Around 1999, when the Harry Potter fandom came to be unofficially labelled Pottermania and its members Potterheads, it was not uncommon to imagine the world neatly divided into two kinds of people — those who were devoted to the Potter world and those who weren’t. Accidental Magic by Keshava Guha locates itself in this time of Potter frenzy with a charming premise, as it explores the meaning of identity and community through the lens of fandom. How do the lives of four very different people with a shared love for J.K. Rowling’s books intersect and what does it mean for and to them?

With a silver lightening bolt as the centrepiece of its glossy white cover, Accidental Magic begins with great promise.

Set in Boston, with glimpses of Madras and Bangalore, Guha's debut novel has a lightness that is disarming, bringing us a motley cast of four Potterheads — Kannan, Curtis, Rebecca, Malathi.
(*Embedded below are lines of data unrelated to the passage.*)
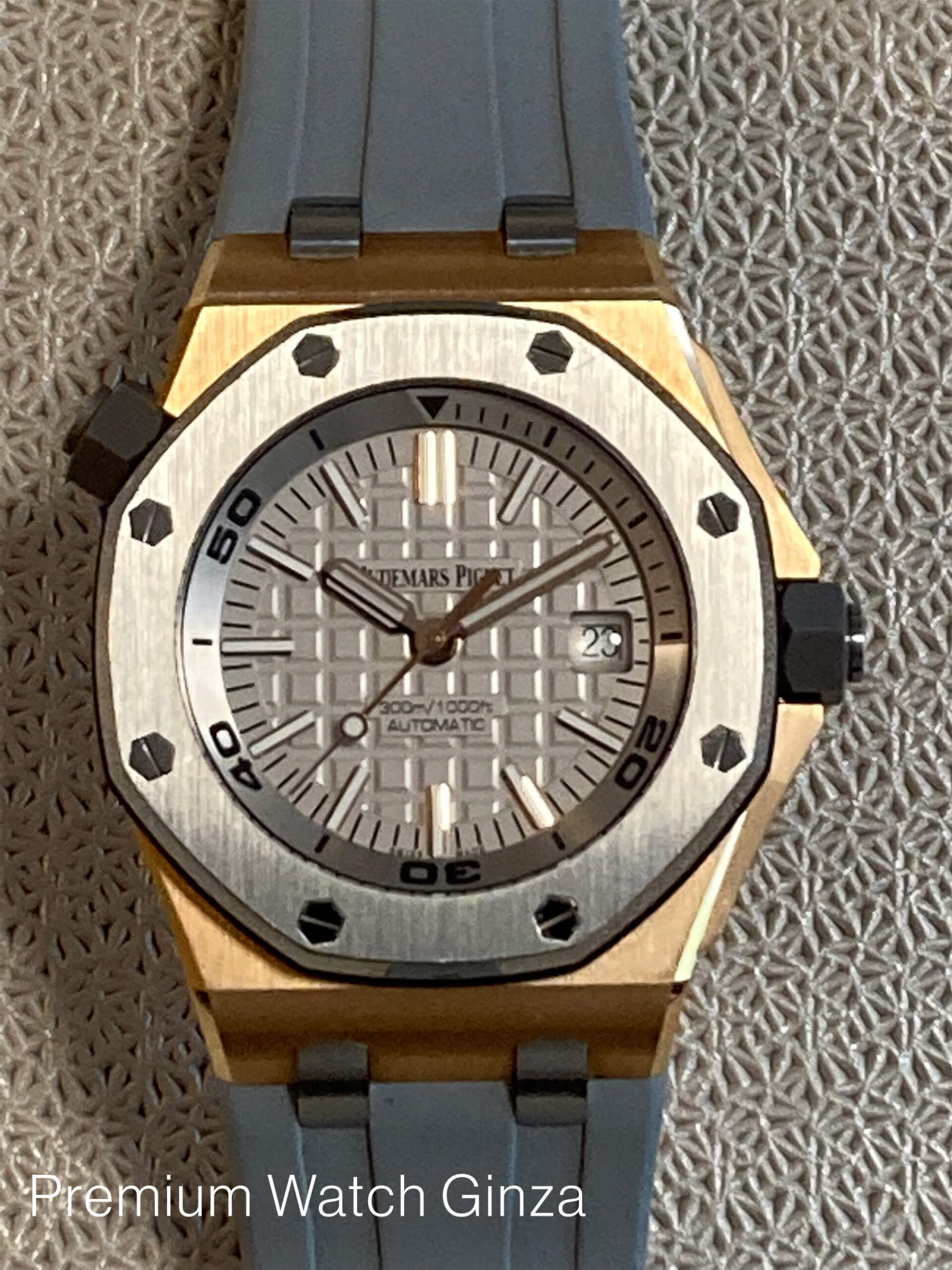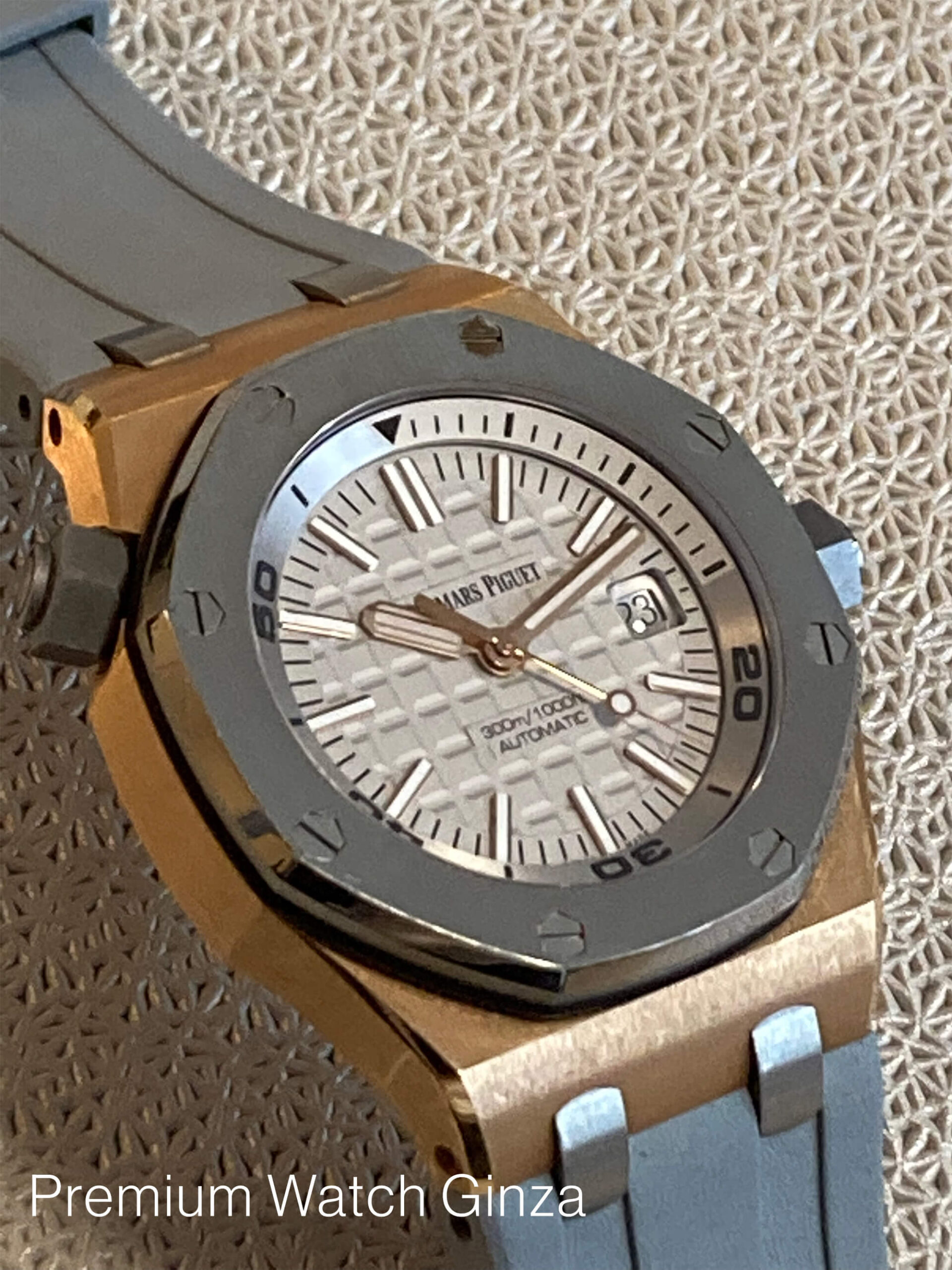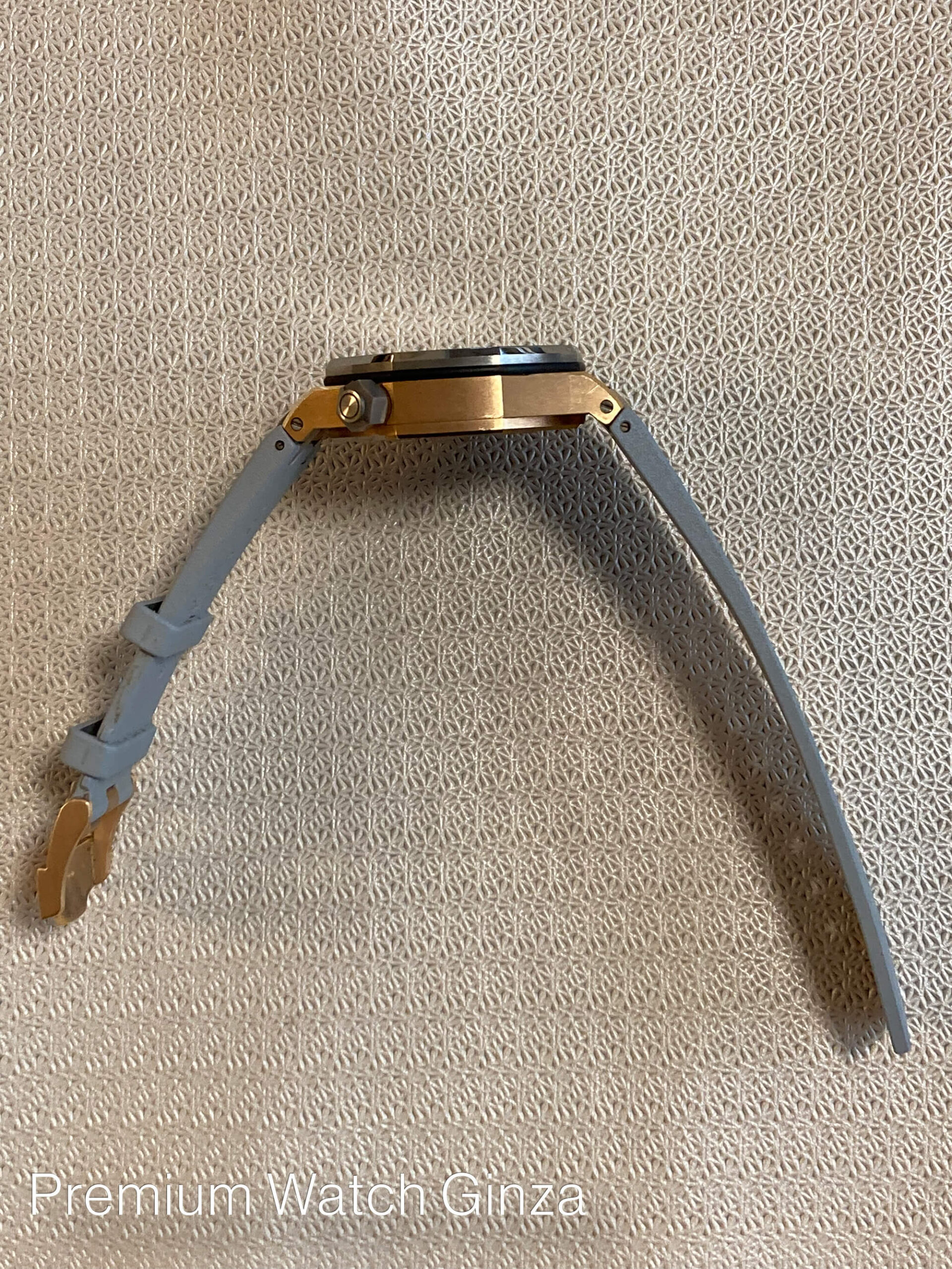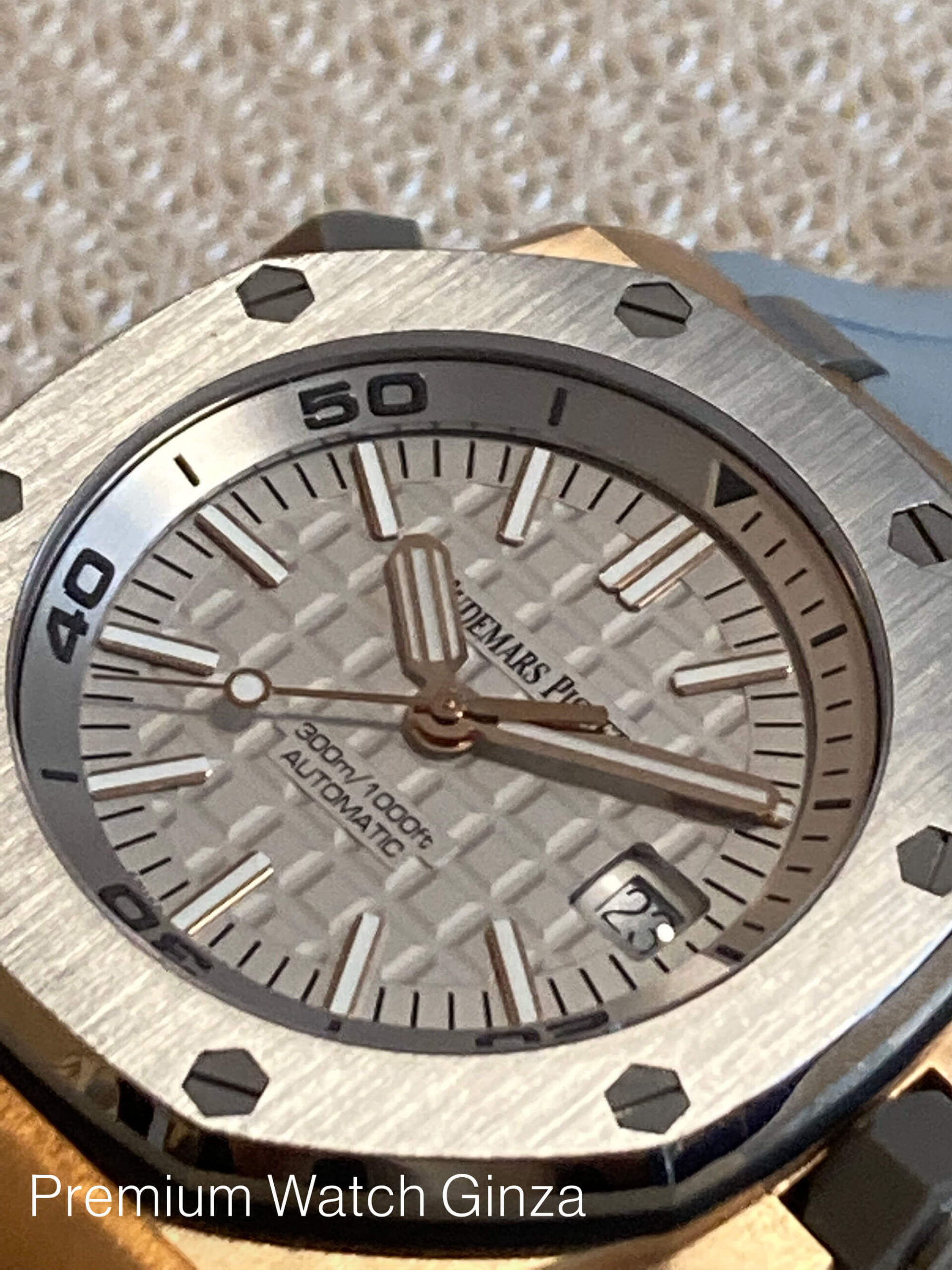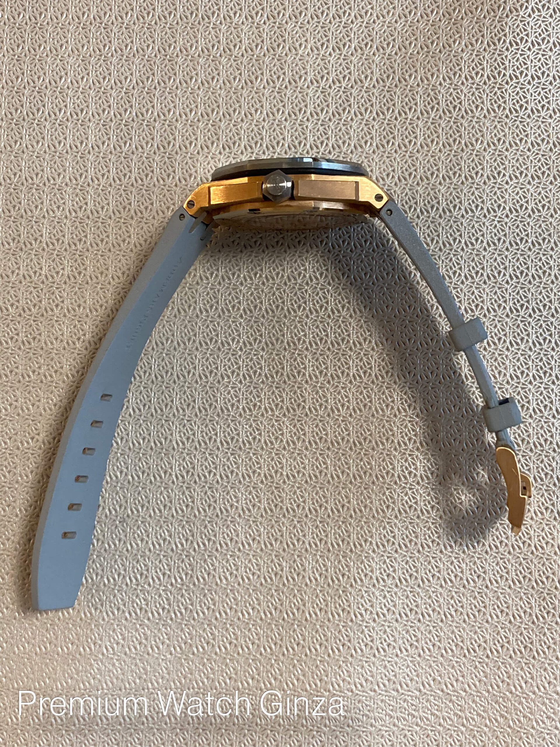 Ref.15711OI.OO.A006CA.01 Royal Oak OFFSHORE DIVER Btq Ltd 「ロイヤルオーク・オフショア」をより強固なシリーズとする為、2006年には防水性を高めインナーベゼルを採用したダイバーズモデルの「ロイヤルオーク・オフショア・スクーバ」が誕生致しました。 ブティック限定モデルとして取扱いが開始された「オフショア・スクーバ」を足掛かりに針・インデックスのダイヤルデザインを変更し、耐磁インナーケースを採用し更なる進化を遂げ発表されたモデルが2010年に発表された「ロイヤルオーク・オフショア・ダイバー」でございます。 レギュラーモデルとして発表されて以降主要マイナーチェンジやバリエーションを増やし同メゾンのコレクションのなかでも高い人気を誇ります。 今回ご紹介致します「Ref.15711OI.OO.A006CA.01」はピンクゴールドとチタンの組み合わせが目を引くブティック限定500本のモデルで2018年のSIHHにて発表されました。 これまでに(ステンレス・スティール、タンタル、セラミック、フォージド・カーボン)をケース素材に採用してきた「ロイヤルオーク・オフショア・ダイバー」シリーズに初めてゴール素材が採用されたモデルでもございます。 本モデルの美的特徴はピンクゴールドとチタンのカラーリングの妙で、中間色のグレーを「ベゼル・ダイヤル・リューズ・ブレスレット」に配し、華やかなピンクゴールドケースと掛け合わせる事でスポーティなモデルですが上品な印象も兼ね備えたモデルに仕上げております。 こういった中間色のカラーリングは過去のモデルにもみられ、遡りますとリオネル・メッシ限定モデル(PG×タンタル)、シューマッハモデル限定モデル(PG×サーメット)、等いずれも素材やベースモデルは異なりますが各モデルとも限定モデルで採用されている特別なカラーコンビネーションでございます。 オーデマ・ピゲの時計に共通するのは外装仕上げの美しさがあげられます。 |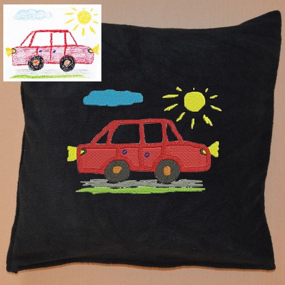Máte doma stohy pokreslených papírů a je vám líto je jen tak založit do šuplíku? Proměníme první „čmáranice“, postavičky i sluníčka vašich dětí v originální výšivku na tričko, mikinu nebo plátěnou tašku.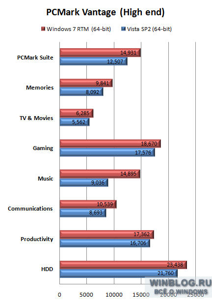 Результаты тестирования: Windows 7 RTM против Vista и XPИсточник: Winblog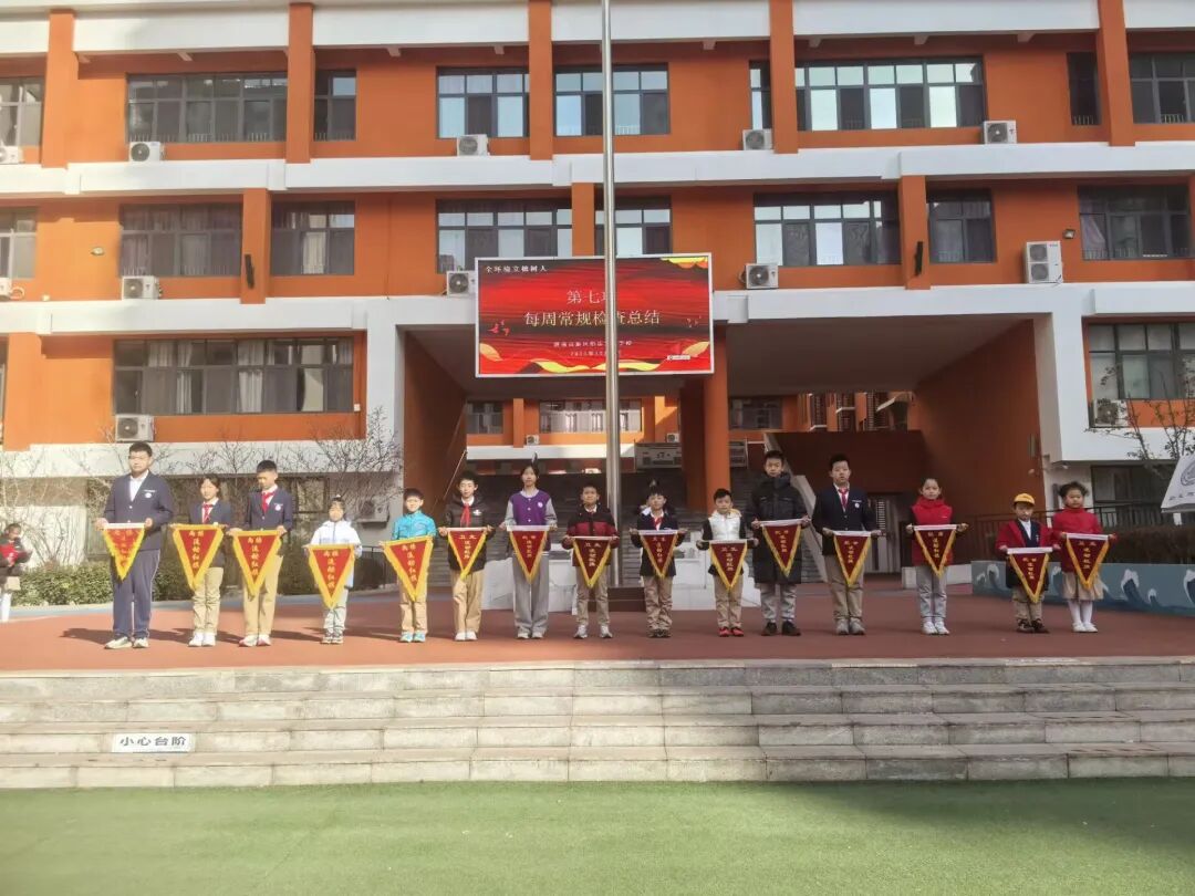 仪式尾声,少先队与学生会总结上周常规工作,流动红旗的颁发不仅是对优秀班级的表彰,更是对全体师生践行“学法明礼”要求的激励。此次升旗仪式将宪法教育、文明礼仪教育与校园文化建设有机结合,既彰显了法治的庄严力量,又传递了文明的温暖底色。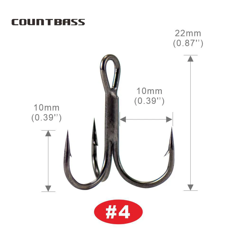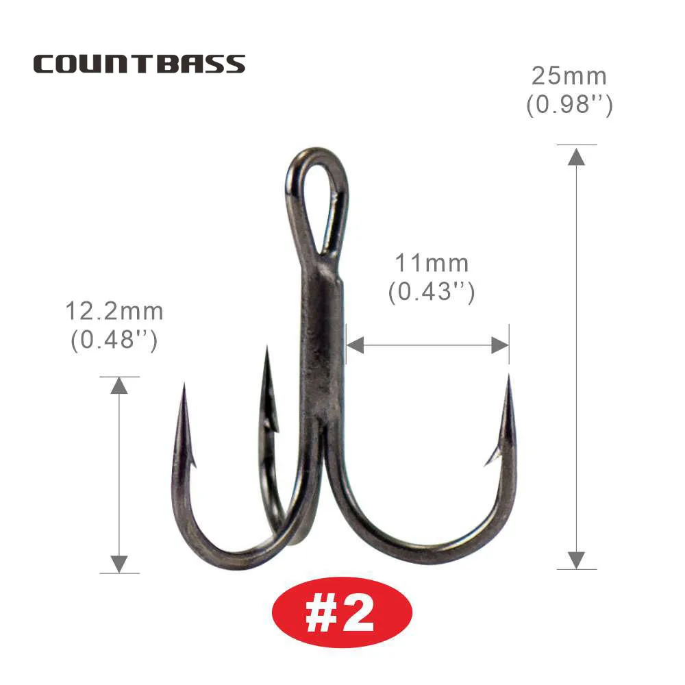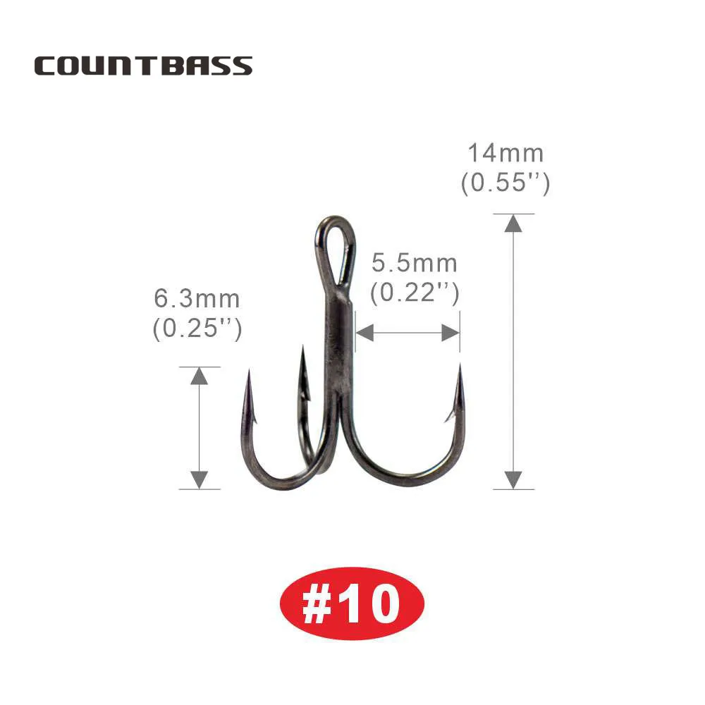 COUNTBASS-anzuelos triples redondos de acero con alto contenido de carbono para pesca, cebos duros de níquel negro, 2 #4 #6 #8 #10 #12 #14 #, 20 piezas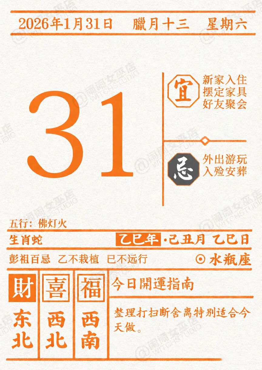 闹闹女巫店今日运势2026年1月31日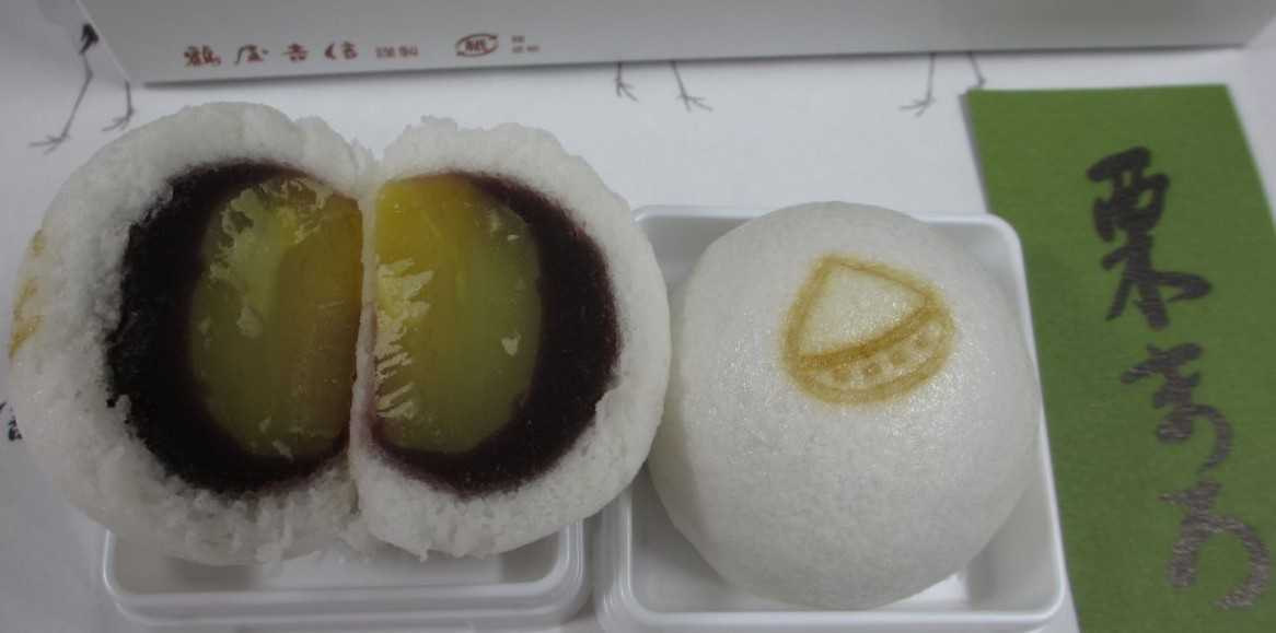 鶴屋吉信の秋のお菓子、栗まろ。蜜漬けの栗まるごと1個となめらかなこしあんを、丹波産…

Kannan, the central character, is a programmer living in Boston, “a knock-off version” of his conservative brother Santhanam, an engineer in Austin and a somewhat sour presence in Kannan's life who presses him to stay focused on achieving good grades and fruitful employment.

Kannan doesn’t always listen: as he begins to find joy and confidence in charting an identity distinct from his brother, he becomes an expert at shirking work at the website he is employed at so he can spend his mornings debating furiously on online Potter fan clubs and forums, dedicating his evenings and most nights to reading fanfiction.

He bumps into Curtis Grimmett — the host of a weekly radio show and founder of Boston Gobstones, a Potter fan club — while waiting in line to pick up midnight copies of Harry Potter and the Goblet of Fire. It is an odd but satisfying friendship with moments where “Kannan felt like Harry to Grimmett’s Dumbledore”. When the Gobstones has their first offline meet, in walks Rebecca, a passionate and perceptive Harvard graduate in her early 20s looking to put a friendly face to the online Potter chatter, finding herself drawn to Curtis and Kannan.

To this Boston-based trio, the arrival of Malathi, a voracious reader and a literature student back in India, shifts the equilibrium is a strange and somewhat inexplicable way. Arranged to be married to Kannan after a brief meeting in Bengaluru, the near strangers are comforted, to some degree, by their shared craze for Rowling’s books.

Accidental Magic quickly draws you into its very specific universe, spread over a couple of years. There is a little something for every Potterhead here: this is a novel where Potterheads get together and talk in deep detail about fanfiction and the various controversies surrounding it and introspect carefully on magical objects in the books, or whose friendship is more authentic, Ron and Hermione or Hermoine and Harry?

Working with a sparse plot and plenty of fresh ideas and themes, Accidental Magic hops between multiple perspectives of the four characters. But just as you begin to settle in, the spell breaks. The characters seem to go off in unconvincing and underwritten tangents. The book’s strong sense of place, time and specificity which sets it apart begins to feel insular, the protagonists appear trapped and disconnected. Though Guha writes lucidly, with humour and affection, the narrative stops short of becoming an immersive experience akin to the Potter rage it hat tips. I wished for a lot more magic.